▶ _ACTION ITEM_
Below are records; say how many of their lines include the word "touch", giving nothing but the number.

====== SOURCE RECORDS ======

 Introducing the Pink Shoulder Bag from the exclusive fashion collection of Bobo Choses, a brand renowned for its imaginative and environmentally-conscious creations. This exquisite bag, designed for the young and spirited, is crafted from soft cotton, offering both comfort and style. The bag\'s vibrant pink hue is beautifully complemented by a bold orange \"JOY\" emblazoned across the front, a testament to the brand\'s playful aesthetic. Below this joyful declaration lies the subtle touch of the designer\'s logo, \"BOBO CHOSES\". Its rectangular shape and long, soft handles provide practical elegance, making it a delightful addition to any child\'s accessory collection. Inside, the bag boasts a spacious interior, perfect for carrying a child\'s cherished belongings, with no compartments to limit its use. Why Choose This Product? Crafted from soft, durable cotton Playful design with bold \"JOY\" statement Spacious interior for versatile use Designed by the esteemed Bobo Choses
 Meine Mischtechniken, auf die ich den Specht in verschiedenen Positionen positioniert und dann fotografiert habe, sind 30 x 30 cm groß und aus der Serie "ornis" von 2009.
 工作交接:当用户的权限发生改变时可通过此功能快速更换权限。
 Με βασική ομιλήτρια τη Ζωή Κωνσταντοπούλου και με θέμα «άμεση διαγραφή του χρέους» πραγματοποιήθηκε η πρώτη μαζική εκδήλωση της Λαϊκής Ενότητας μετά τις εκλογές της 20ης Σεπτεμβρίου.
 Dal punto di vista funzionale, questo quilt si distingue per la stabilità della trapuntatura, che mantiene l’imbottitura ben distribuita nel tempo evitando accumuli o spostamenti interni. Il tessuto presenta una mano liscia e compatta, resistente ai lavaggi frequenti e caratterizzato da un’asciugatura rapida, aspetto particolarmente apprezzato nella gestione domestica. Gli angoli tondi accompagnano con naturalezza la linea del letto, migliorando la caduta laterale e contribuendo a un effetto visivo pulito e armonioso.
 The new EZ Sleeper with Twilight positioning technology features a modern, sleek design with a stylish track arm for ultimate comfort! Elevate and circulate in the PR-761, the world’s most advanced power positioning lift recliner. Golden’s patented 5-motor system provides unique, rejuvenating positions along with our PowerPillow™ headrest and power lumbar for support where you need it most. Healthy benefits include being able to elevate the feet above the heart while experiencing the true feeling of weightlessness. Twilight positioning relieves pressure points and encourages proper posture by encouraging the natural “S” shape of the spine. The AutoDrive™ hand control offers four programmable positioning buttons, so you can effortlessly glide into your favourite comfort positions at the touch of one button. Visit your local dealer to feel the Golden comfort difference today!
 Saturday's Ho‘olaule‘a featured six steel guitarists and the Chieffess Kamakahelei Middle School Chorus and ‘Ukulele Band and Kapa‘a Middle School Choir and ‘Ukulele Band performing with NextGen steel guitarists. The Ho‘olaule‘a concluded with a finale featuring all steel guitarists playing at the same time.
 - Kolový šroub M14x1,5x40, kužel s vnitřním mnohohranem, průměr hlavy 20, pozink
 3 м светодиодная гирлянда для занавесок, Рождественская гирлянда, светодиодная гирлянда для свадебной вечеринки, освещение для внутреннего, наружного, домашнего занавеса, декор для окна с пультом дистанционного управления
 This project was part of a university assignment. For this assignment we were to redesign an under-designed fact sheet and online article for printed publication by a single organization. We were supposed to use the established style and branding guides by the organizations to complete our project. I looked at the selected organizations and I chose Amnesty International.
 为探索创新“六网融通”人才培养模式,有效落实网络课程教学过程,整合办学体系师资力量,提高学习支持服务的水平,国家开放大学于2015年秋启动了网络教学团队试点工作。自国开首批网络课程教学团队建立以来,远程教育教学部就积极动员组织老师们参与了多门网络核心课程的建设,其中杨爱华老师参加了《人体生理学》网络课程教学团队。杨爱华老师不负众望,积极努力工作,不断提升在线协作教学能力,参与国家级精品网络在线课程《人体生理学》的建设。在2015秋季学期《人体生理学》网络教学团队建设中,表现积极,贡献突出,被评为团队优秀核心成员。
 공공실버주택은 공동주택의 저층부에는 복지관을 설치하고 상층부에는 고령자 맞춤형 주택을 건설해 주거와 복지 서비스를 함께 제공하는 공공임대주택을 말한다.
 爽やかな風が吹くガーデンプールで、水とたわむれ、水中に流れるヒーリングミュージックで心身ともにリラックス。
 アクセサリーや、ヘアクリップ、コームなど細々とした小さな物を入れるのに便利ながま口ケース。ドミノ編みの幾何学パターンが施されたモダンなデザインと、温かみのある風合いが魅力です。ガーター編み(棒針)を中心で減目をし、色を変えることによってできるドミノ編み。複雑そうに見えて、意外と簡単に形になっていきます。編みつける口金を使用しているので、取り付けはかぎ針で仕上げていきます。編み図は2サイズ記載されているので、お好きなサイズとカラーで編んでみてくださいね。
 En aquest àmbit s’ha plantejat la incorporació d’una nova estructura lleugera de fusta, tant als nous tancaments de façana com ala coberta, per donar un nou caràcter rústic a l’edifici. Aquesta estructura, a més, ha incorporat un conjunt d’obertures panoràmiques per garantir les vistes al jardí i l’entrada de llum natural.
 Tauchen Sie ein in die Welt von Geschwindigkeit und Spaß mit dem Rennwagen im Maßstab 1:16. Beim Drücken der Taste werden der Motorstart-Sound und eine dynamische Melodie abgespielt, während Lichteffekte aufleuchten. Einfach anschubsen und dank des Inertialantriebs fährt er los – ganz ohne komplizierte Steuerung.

======

▶ _RESPONSE BELOW_
2